#### WORK TO COMPLETE:
From the first line to the last, copy the listing exactly and omit the images.

#### COLLECTED DATA:
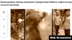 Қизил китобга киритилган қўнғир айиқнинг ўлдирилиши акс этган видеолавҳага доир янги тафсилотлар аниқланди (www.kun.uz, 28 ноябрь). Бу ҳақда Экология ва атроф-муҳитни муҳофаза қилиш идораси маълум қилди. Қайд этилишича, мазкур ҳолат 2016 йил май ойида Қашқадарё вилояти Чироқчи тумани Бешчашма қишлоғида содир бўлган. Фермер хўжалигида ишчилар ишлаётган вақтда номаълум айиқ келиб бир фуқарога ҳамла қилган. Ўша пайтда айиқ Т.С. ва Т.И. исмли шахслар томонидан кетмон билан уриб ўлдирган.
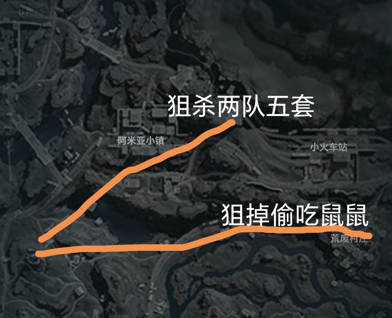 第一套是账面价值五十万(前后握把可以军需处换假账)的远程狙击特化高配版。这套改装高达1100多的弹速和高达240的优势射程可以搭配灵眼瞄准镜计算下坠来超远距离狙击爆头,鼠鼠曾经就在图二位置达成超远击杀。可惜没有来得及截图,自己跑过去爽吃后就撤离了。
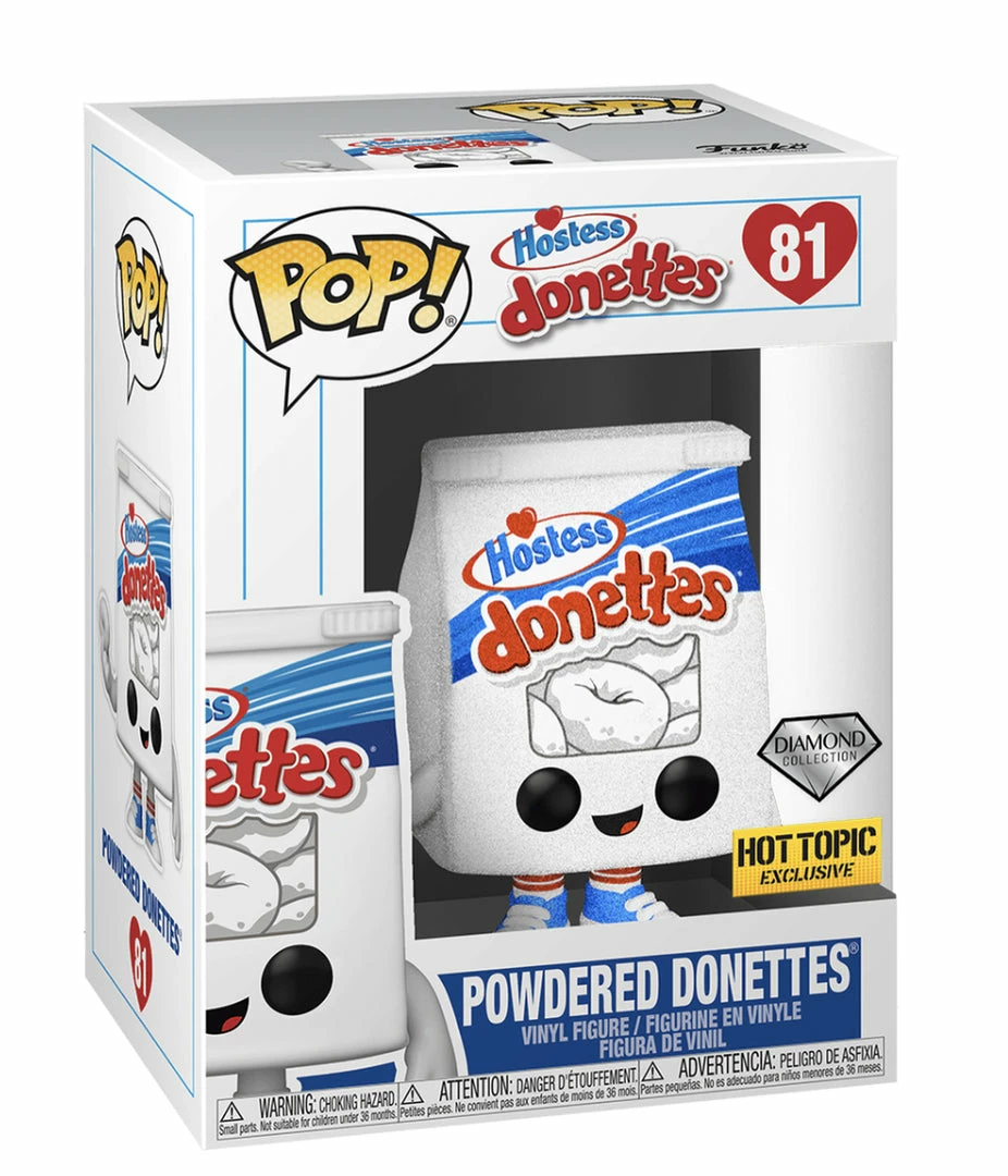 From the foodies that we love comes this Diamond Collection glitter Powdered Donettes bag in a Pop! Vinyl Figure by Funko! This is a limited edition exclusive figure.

#### RESPONSE TO THIS TASK:
 Қизил китобга киритилган қўнғир айиқнинг ўлдирилиши акс этган видеолавҳага доир янги тафсилотлар аниқланди (www.kun.uz, 28 ноябрь). Бу ҳақда Экология ва атроф-муҳитни муҳофаза қилиш идораси маълум қилди. Қайд этилишича, мазкур ҳолат 2016 йил май ойида Қашқадарё вилояти Чироқчи тумани Бешчашма қишлоғида содир бўлган. Фермер хўжалигида ишчилар ишлаётган вақтда номаълум айиқ келиб бир фуқарога ҳамла қилган. Ўша пайтда айиқ Т.С. ва Т.И. исмли шахслар томонидан кетмон билан уриб ўлдирган.
 第一套是账面价值五十万(前后握把可以军需处换假账)的远程狙击特化高配版。这套改装高达1100多的弹速和高达240的优势射程可以搭配灵眼瞄准镜计算下坠来超远距离狙击爆头,鼠鼠曾经就在图二位置达成超远击杀。可惜没有来得及截图,自己跑过去爽吃后就撤离了。
 From the foodies that we love comes this Diamond Collection glitter Powdered Donettes bag in a Pop! Vinyl Figure by Funko! This is a limited edition exclusive figure.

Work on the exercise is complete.